What's needed is an exact copy of the lines from the one that contains "La 12ª edizione" to the end of the data below, leaving the pictures out.

SOURCE MATERIAL:
------------------------

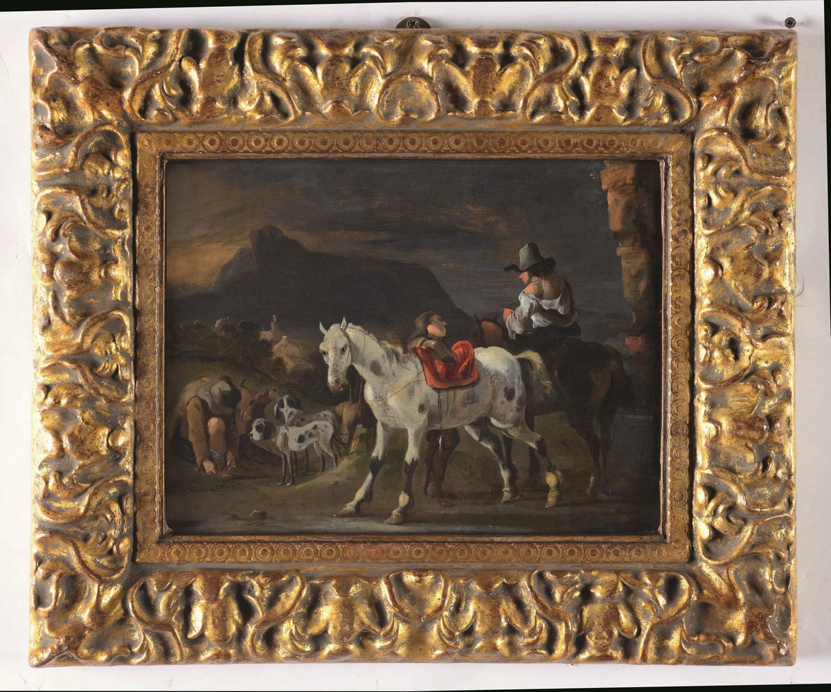 Gerard Douw (Leida 1613-1675) Paesaggio di montagna con cavalieri
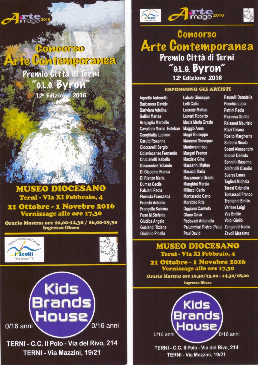 La 12ª edizione della mostra “Premio Città di Terni 2016” verrà inaugurata alle ore 16:00 di sabato 21 Ottobre presso il Museo Capitolare Diocesano (v. Invito al Vernissage), con la partecipazione dei critici d’arte Elisa Polidori, Francesco Santaniello e Claudia Sensi. La manifestazione resterà aperta al pubblico fino al 1° Novembre in orario di museo.
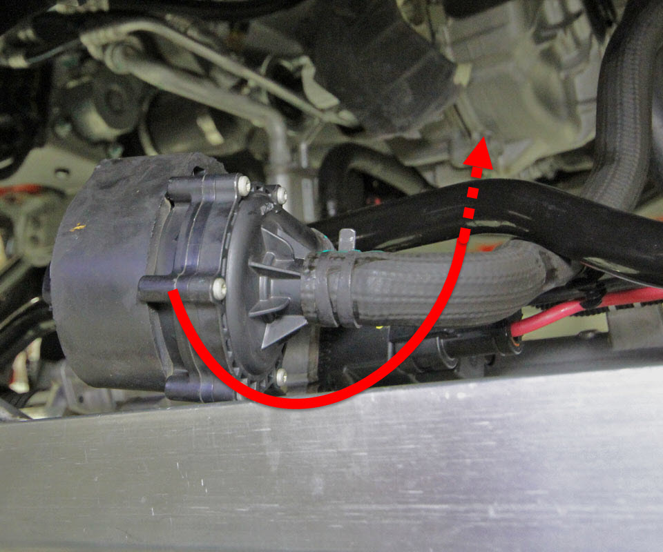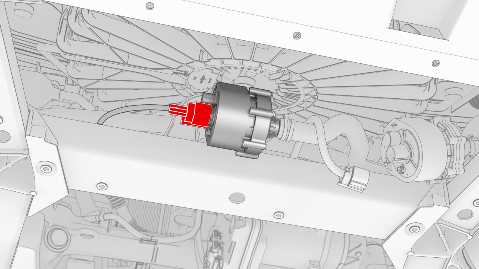 - Remove battery coolant pump 1 from the bracket on the subframe and set the pump aside.
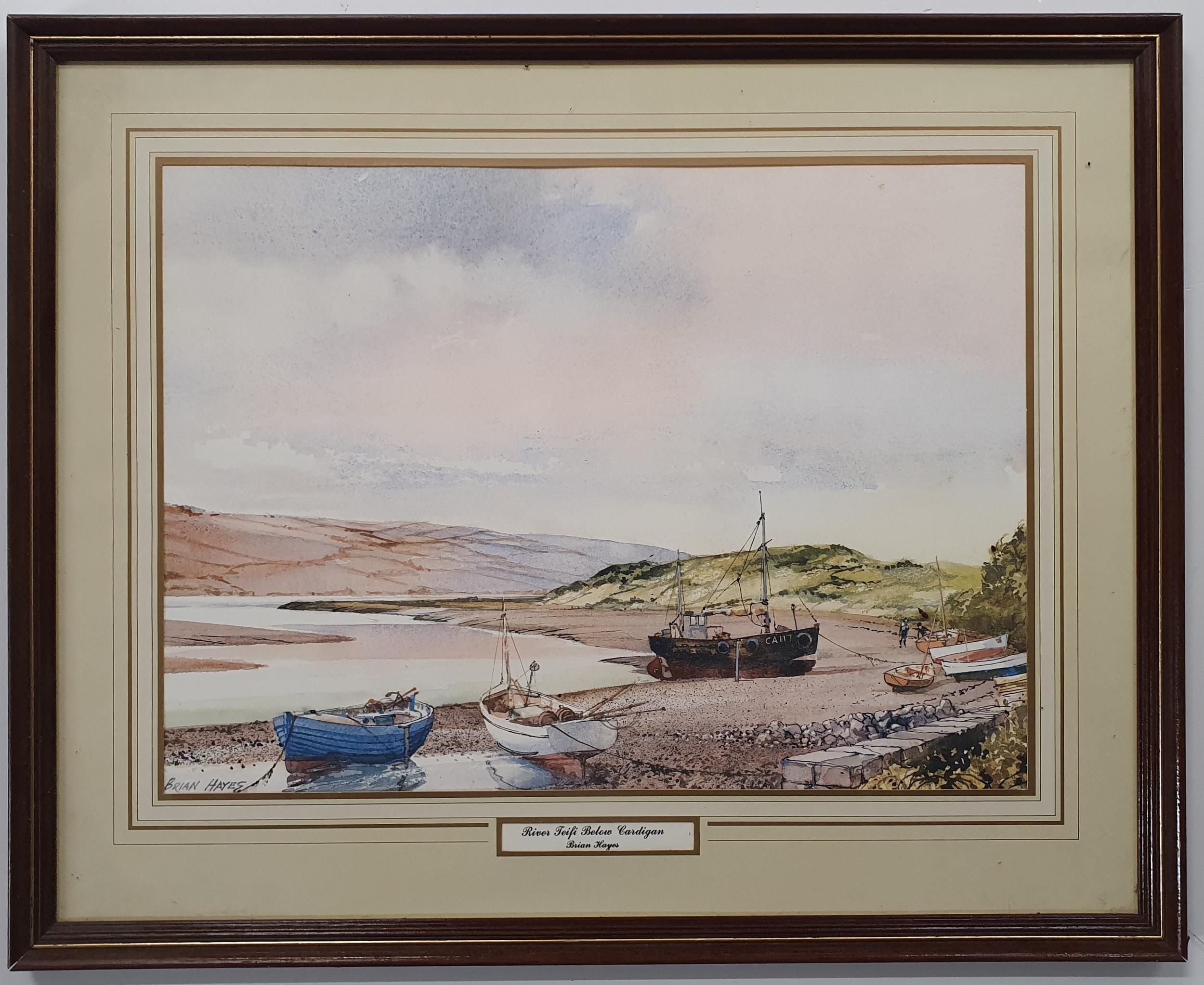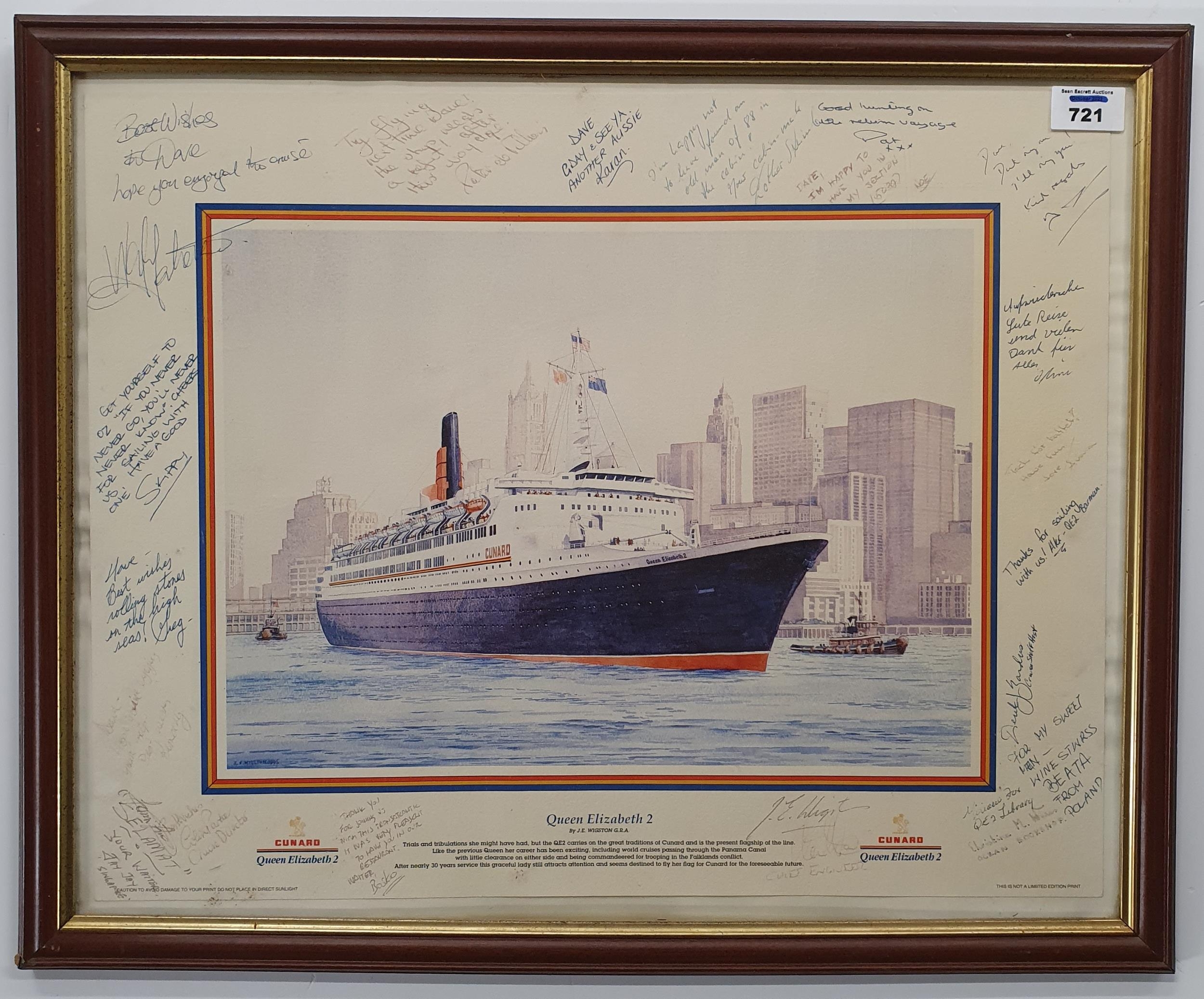 Two framed Prints , Cunard Queen Elizabeth two and River Feifi below cardigan by Brian Hayes .

------------------------

SOLUTION:
 La 12ª edizione della mostra “Premio Città di Terni 2016” verrà inaugurata alle ore 16:00 di sabato 21 Ottobre presso il Museo Capitolare Diocesano (v. Invito al Vernissage), con la partecipazione dei critici d’arte Elisa Polidori, Francesco Santaniello e Claudia Sensi. La manifestazione resterà aperta al pubblico fino al 1° Novembre in orario di museo.
 - Remove battery coolant pump 1 from the bracket on the subframe and set the pump aside.
 Two framed Prints , Cunard Queen Elizabeth two and River Feifi below cardigan by Brian Hayes .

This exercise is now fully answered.